"""

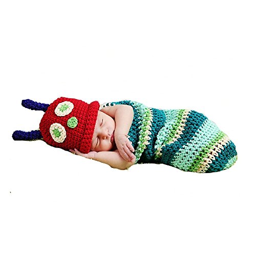 新生児 赤ちゃん 写真撮影 小道具 キッズコスチューム ベビー用着ぐるみ コスチューム 寝相アート(100日 記念写真/写真撮影用) 出産祝い (あおむし)
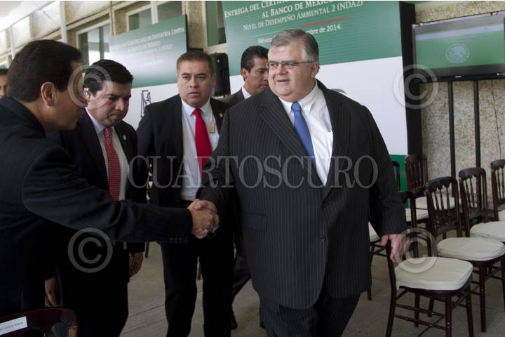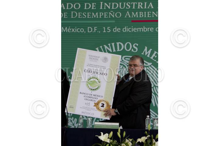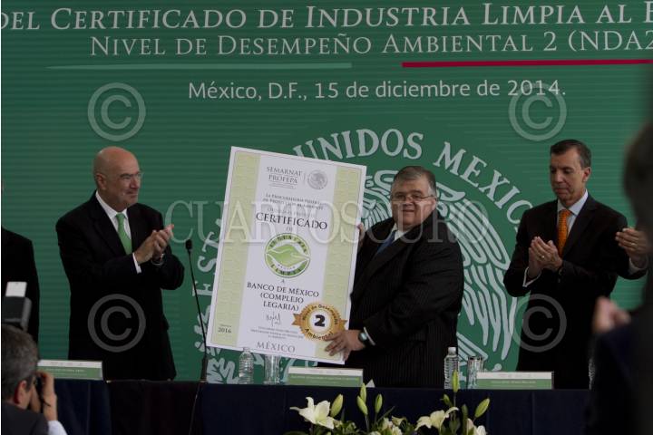 MÉXICO, D.F., 15DICIEMBRE2014.- Agustín Cartens Cartens, Gobernador del Banco de México, recibió de manos de Juan José Guerra Abud Secretario del Medio Ambiente y Recursos Naturales, el “Certificado de Industria Limpia”, que fue otorgado al Banco Central, en el complejo Legaria, Fábrica de Billetes del Banco de México. FOTO: GUILLERMO PEREA /CUARTOSCURO.COM
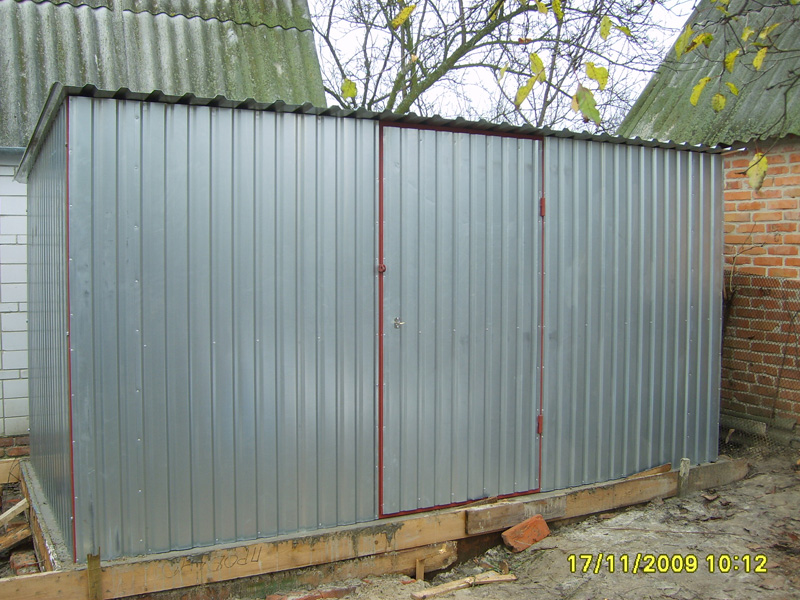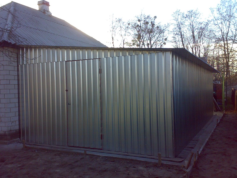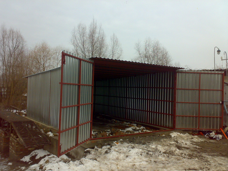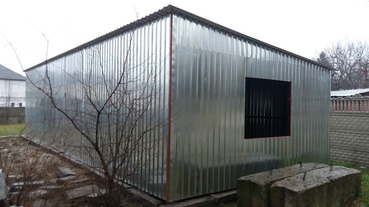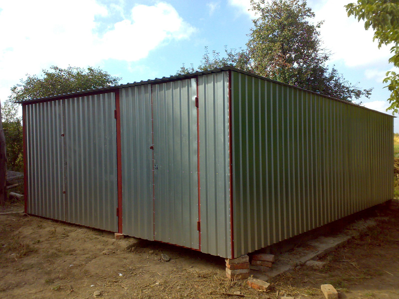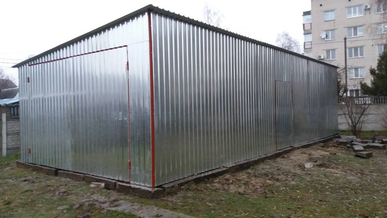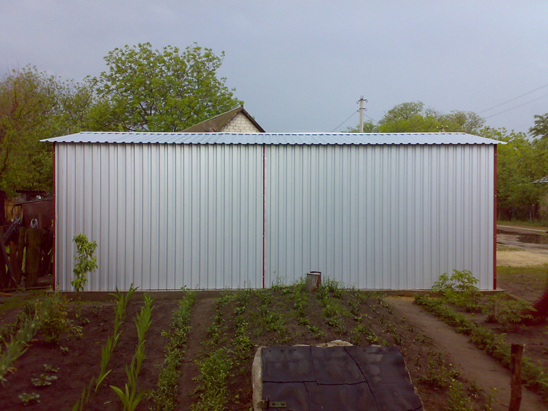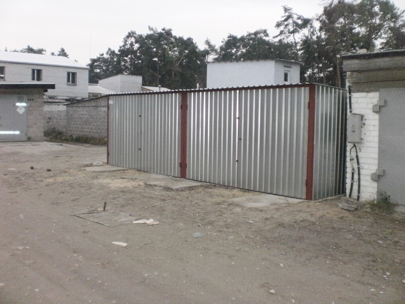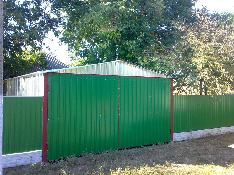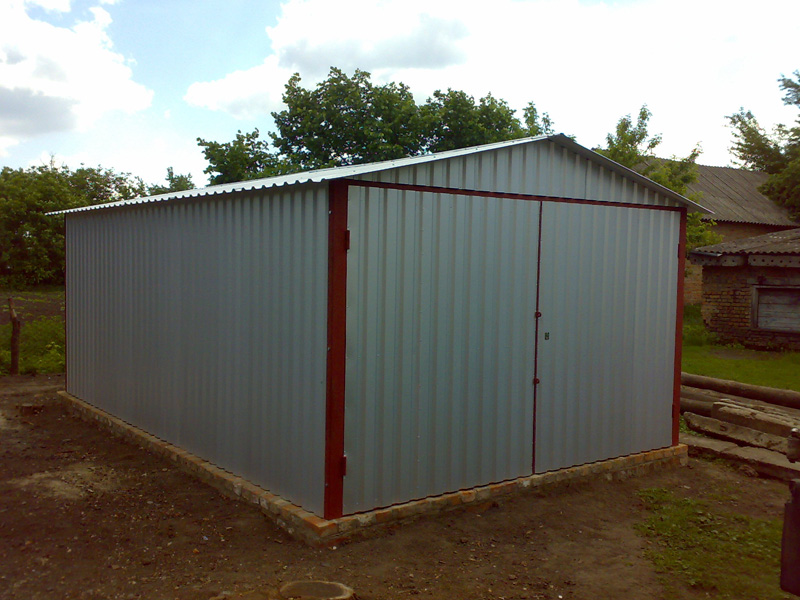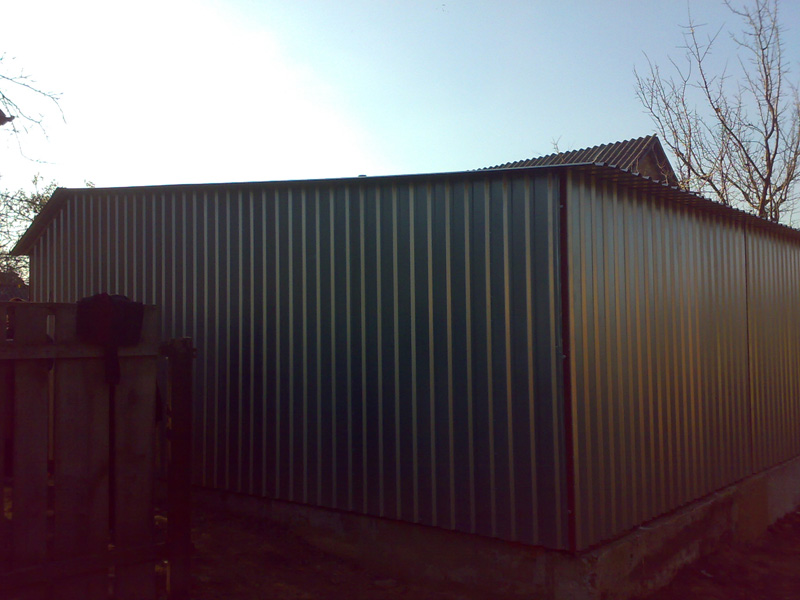 Пропонуємо Вашій увазі металеві гаражі. Каркас гаража виготовлений із квадратних і прямокутних труб 40 × 20 і 30 × 30, рама воріт виготовлена із швелера 100 × 50 × 3, що надає конструкції гаража додаткову жорсткість і виключає перекіс стулок воріт у майбутньому. Воротні стулки кріпляться до рами за допомогою воротних петель 22 × 120 з кулькою. Для даху використовуються квадратні труби 40 × 40.

"""

Assignment -> Copy the listing above verbatim, leaving out pictures.

Result of the exercise ->
 新生児 赤ちゃん 写真撮影 小道具 キッズコスチューム ベビー用着ぐるみ コスチューム 寝相アート(100日 記念写真/写真撮影用) 出産祝い (あおむし)
 MÉXICO, D.F., 15DICIEMBRE2014.- Agustín Cartens Cartens, Gobernador del Banco de México, recibió de manos de Juan José Guerra Abud Secretario del Medio Ambiente y Recursos Naturales, el “Certificado de Industria Limpia”, que fue otorgado al Banco Central, en el complejo Legaria, Fábrica de Billetes del Banco de México. FOTO: GUILLERMO PEREA /CUARTOSCURO.COM
 Пропонуємо Вашій увазі металеві гаражі. Каркас гаража виготовлений із квадратних і прямокутних труб 40 × 20 і 30 × 30, рама воріт виготовлена із швелера 100 × 50 × 3, що надає конструкції гаража додаткову жорсткість і виключає перекіс стулок воріт у майбутньому. Воротні стулки кріпляться до рами за допомогою воротних петель 22 × 120 з кулькою. Для даху використовуються квадратні труби 40 × 40.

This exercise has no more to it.